DIRECTIONS FOR THIS TASK:
Word for word, retype the lines from the one containing "Als ich mich" to the one containing "Turn heads with" below, keeping both end lines and dropping the pictures.

Dataset items:

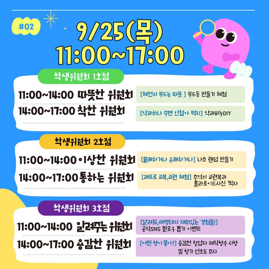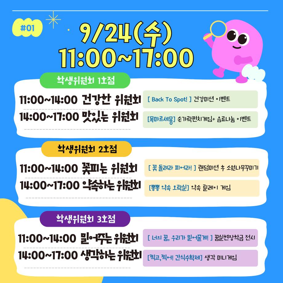 본문 시작 홈으로 공지사항 학생위원회 개요 학생위원회 소개 공지사항 활동결과 홈페이지가이드 프로그램 계획 프로그램 계획 세명대학교 공지사항 프로그램 계획 페이스북 트위터 프린트 [학생위원회] 청룡체전기간 학생위원회 전체활동안내 학생처 175 2025-09-24 청룡체전기간 학생위원회 활동을 아래와 같이 안내드리니 많은 참여 부탁드립니다. 목록 이전[약속하는 위원회]뿅뿅! 약속 오락실! 다음 [꽃피는 위원회] 꽃 돌려라 피어라! 담당부서 : 장학복지팀 담당자 : - 연락처 : 043-649-1142 최종수정일 : 2024-10-26 만족도조사 만족도 조사 이 페이지에서 제공하는 정보에 대하여 만족하시나요? 매우만족 만족 보통 불만족 매우불만족
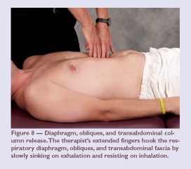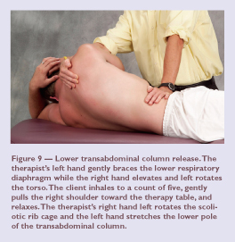 Stretch-weakened muscles, ligaments, and fascia are reciprocally overpowered as hypertonic erectors on the opposite side shorten, forcing the spine to bow. Typically, these myofascial tissues become neurologically inhibited due to joint dysfunction, trauma, overuse syndromes, faulty posture, or paralysis. In Figure 5, right, the therapist’s fingers tonify stretch-weakened erectors and serratus posterior muscles with fast-paced spindle stimulating maneuvers via the dynamic gamma motoneuron system. Extended fingers then hook and reposition the laterally migrated paravertebrals back on top of the bulging ribs. To lengthen the erector spinae muscles on the concave side, the therapist reaches across with extended fingers, digs into the left lamina groove, scoops out the wiry spinalis muscles, and stretches all the erectors laterally. Once some spinal bowing has been removed, additional rib cage flattening can be accomplished by depressing the scapula (see Figure 6, right), lengthening latissimus dorsi (see Figure 7), releasing the diaphragm and obliques (see Figure 8), and stretching the inferior end of the transabdominal fascial column (see Figure 9).
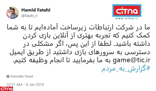 ما در شرکت ارتباطات زیرساخت آمادهایم تا به شما کمک کنیم که تجربه بهتری از آنلاین بازی کردن داشته باشید. لطفا از این پس، اگر مشکلی در دسترسی به سرورهای بازی داشتید از طریق ایمیل game@tic.ir به ما بفرمایید تا انجام وظیفه کنیم.
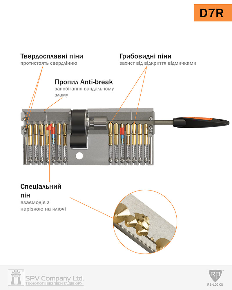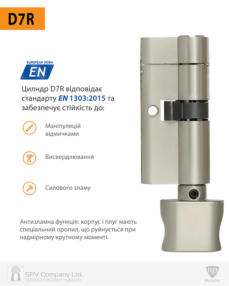 • Антизламна функція: корпус і плуг мають спеціальний пропил, що руйнується при надмірному крутному моменті. Після переламу доступ до механізму неможливий, але авторизований ключ продовжує працювати з циліндром RB LOCKS D7R.
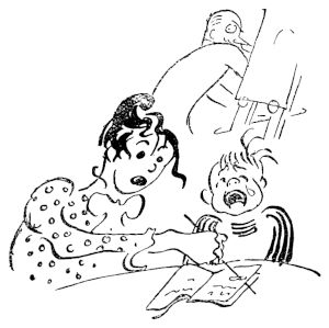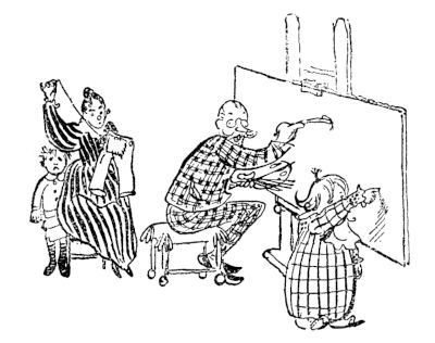 Als ich mich soeben Pontus gegenüber groß tat, daß ich in diesem Buche so in verschmitzter Art für die Abschaffung der Ferienaufgaben einträte, antwortete er trocken: „Einen Menschen einen halben Sommer hindurch mit Modellsitzungen zu quälen, müßte auch gesetzlich verboten werden!“
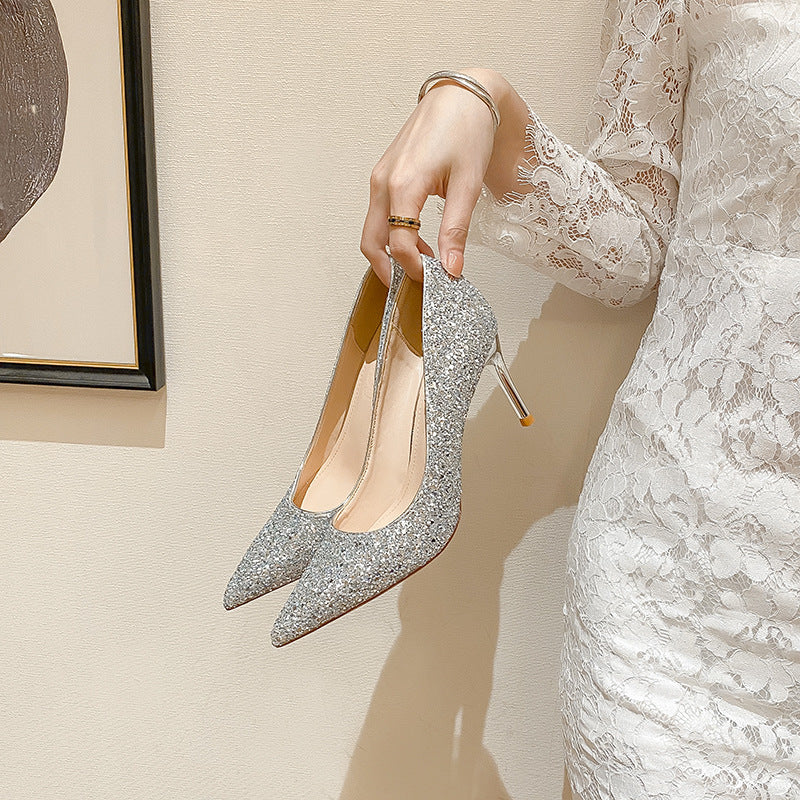 Turn heads with these stunning sequin high-heeled wedding shoes. Featuring a sparkly sequin fabric and a sturdy heel, you’ll be supported and stylish for any occasion. Whether dancing the night away or saying “I do”, these shoes will make a statement.
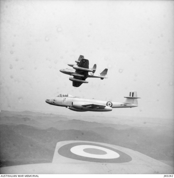 In the foreground is the right wing with RAAF Roundel of the photograph plane. At the center is Meteor A77-982 in horizontal flight with two other Meteors peeling off beyond.

SOLUTION TO THE EXERCISE:
 Als ich mich soeben Pontus gegenüber groß tat, daß ich in diesem Buche so in verschmitzter Art für die Abschaffung der Ferienaufgaben einträte, antwortete er trocken: „Einen Menschen einen halben Sommer hindurch mit Modellsitzungen zu quälen, müßte auch gesetzlich verboten werden!“
 Turn heads with these stunning sequin high-heeled wedding shoes. Featuring a sparkly sequin fabric and a sturdy heel, you’ll be supported and stylish for any occasion. Whether dancing the night away or saying “I do”, these shoes will make a statement.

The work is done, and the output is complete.